## DATA TO EXAMINE
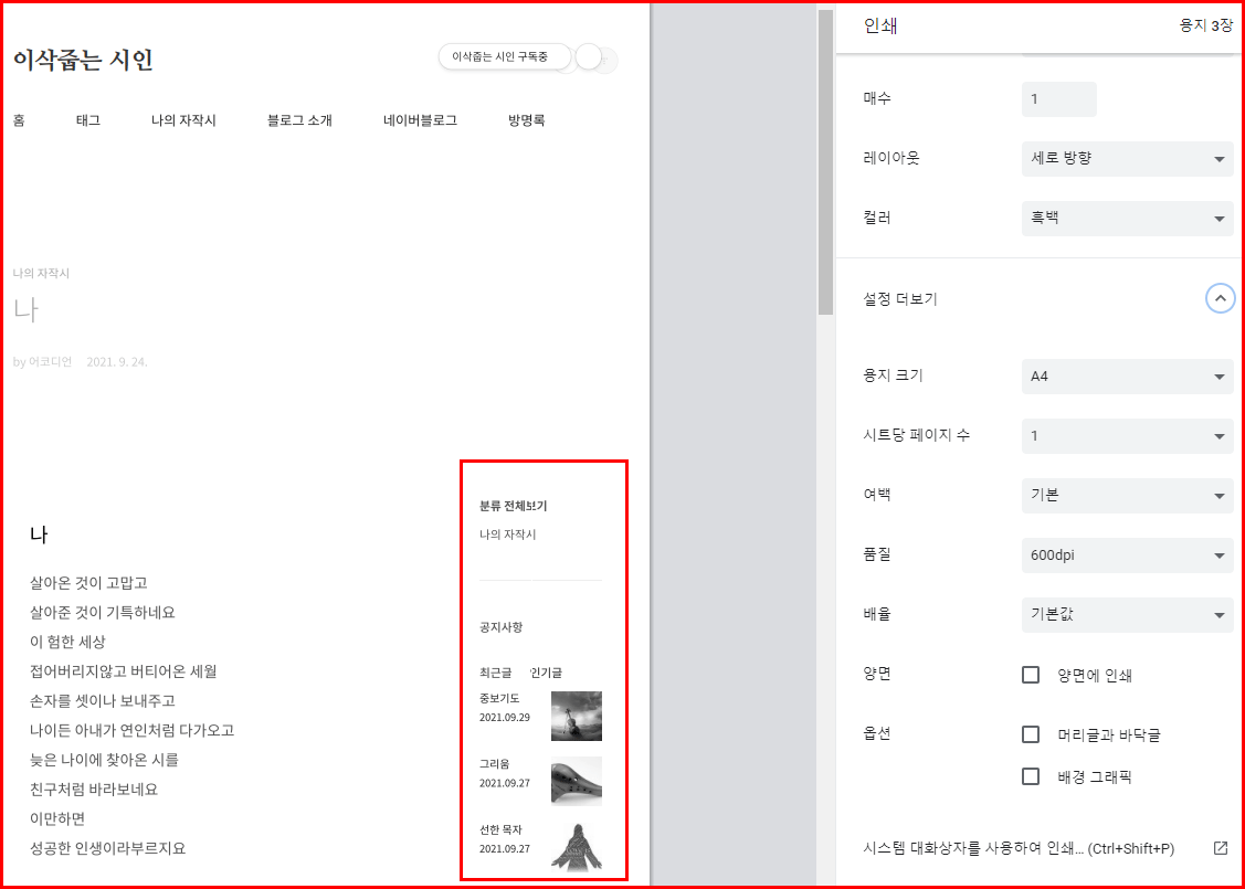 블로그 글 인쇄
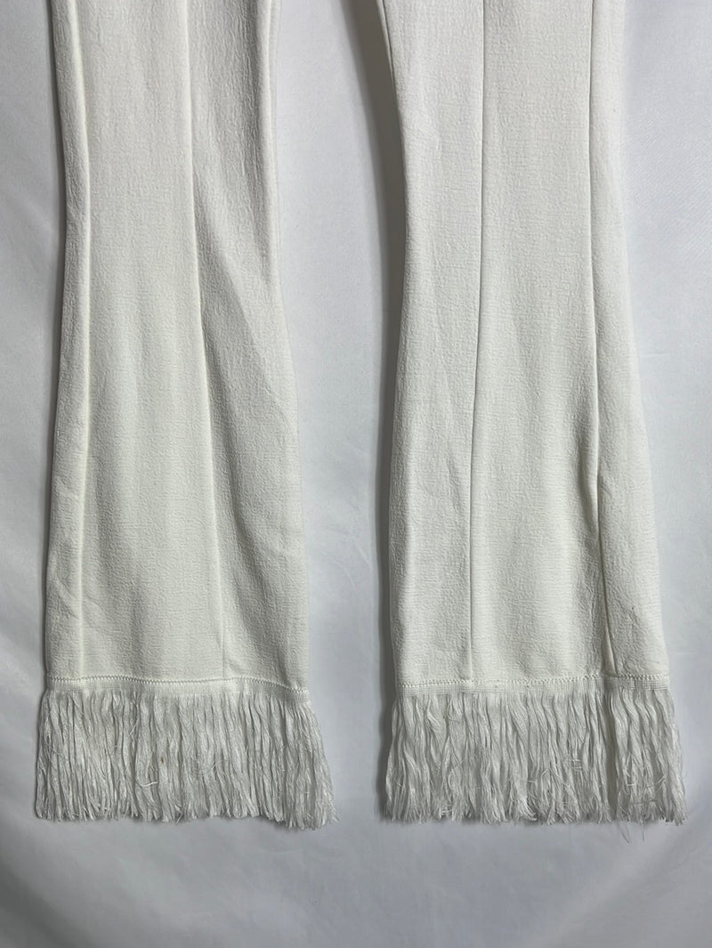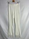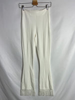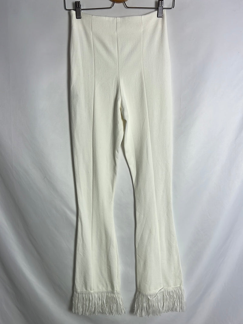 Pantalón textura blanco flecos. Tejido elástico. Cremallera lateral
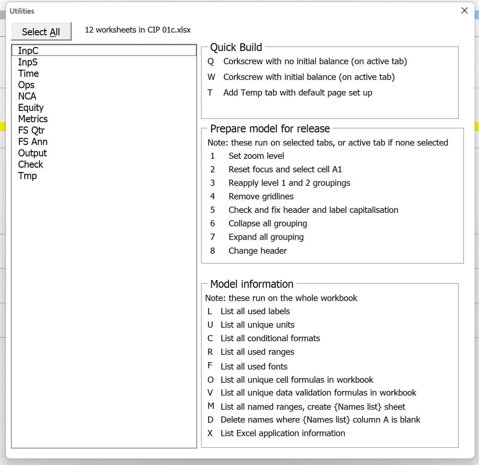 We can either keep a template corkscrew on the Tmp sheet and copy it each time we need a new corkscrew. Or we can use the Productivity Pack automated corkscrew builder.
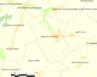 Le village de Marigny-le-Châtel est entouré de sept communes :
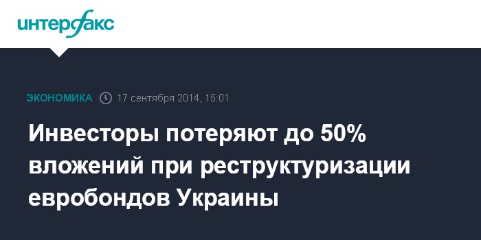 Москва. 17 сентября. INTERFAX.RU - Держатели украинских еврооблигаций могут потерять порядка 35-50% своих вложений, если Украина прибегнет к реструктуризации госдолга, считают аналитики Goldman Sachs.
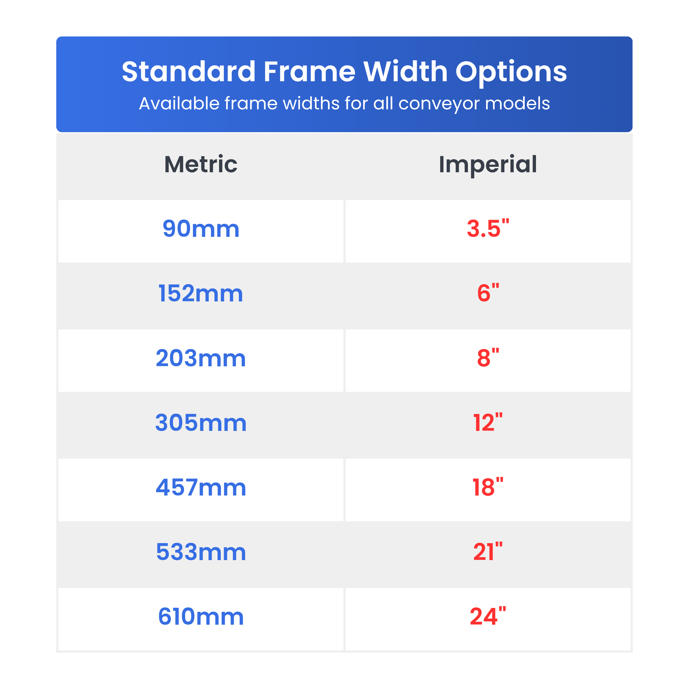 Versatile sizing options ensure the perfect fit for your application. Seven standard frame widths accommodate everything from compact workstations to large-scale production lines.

...

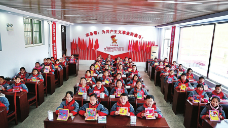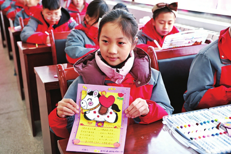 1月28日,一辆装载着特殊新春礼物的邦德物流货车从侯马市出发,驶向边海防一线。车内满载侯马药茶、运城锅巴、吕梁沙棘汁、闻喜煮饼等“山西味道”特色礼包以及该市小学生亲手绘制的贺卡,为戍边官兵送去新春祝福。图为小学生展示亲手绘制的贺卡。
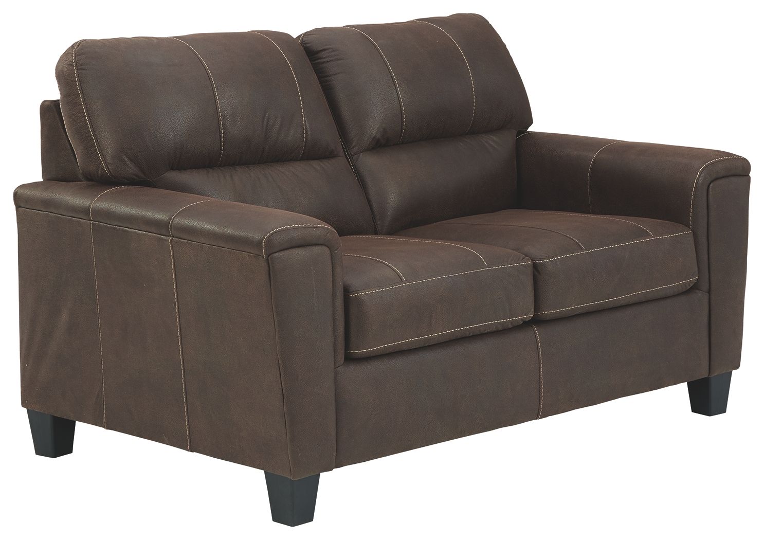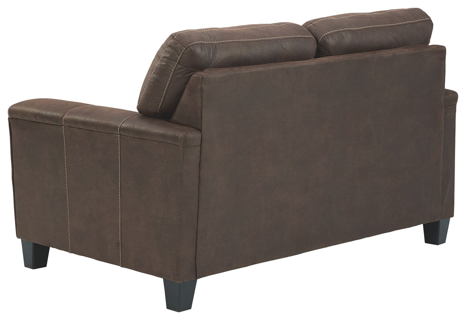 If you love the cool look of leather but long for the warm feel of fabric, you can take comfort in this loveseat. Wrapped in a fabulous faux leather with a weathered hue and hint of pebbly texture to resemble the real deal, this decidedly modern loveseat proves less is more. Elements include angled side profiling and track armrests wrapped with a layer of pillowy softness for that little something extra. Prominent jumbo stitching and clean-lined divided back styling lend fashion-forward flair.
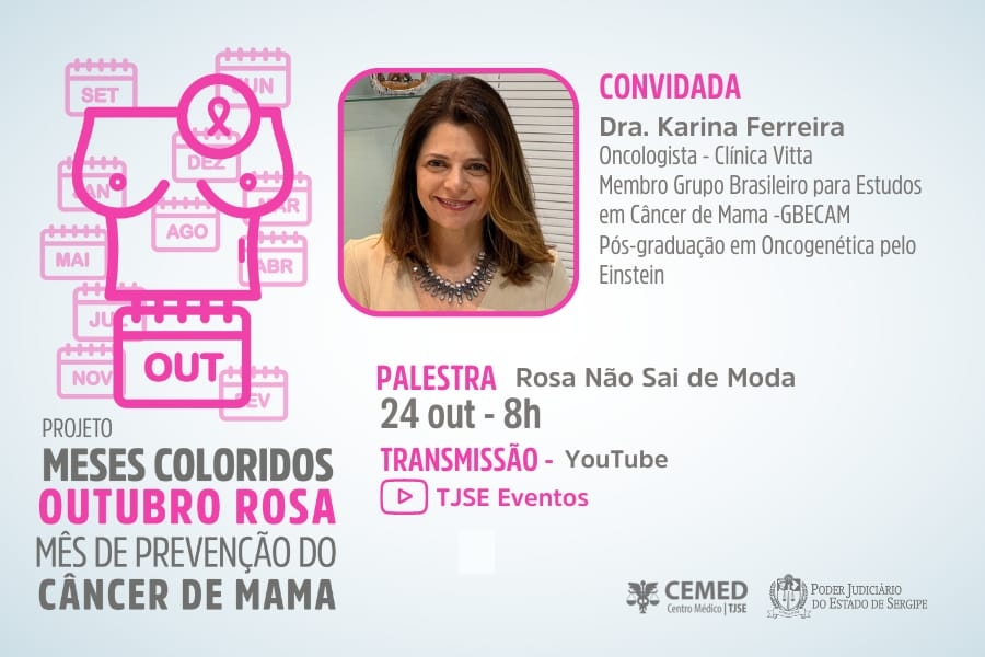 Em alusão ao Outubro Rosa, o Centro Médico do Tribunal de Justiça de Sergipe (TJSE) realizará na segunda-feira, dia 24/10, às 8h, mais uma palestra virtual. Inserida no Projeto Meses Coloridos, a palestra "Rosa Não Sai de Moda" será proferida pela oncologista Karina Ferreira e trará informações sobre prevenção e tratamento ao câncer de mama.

## WORK REQUEST
With the pictures removed from your copy, retype the lines above from the one that contains "Pantalón textura blanco" through the one that contains "We can either", exactly.

## FINISHED TASK
 Pantalón textura blanco flecos. Tejido elástico. Cremallera lateral
 We can either keep a template corkscrew on the Tmp sheet and copy it each time we need a new corkscrew. Or we can use the Productivity Pack automated corkscrew builder.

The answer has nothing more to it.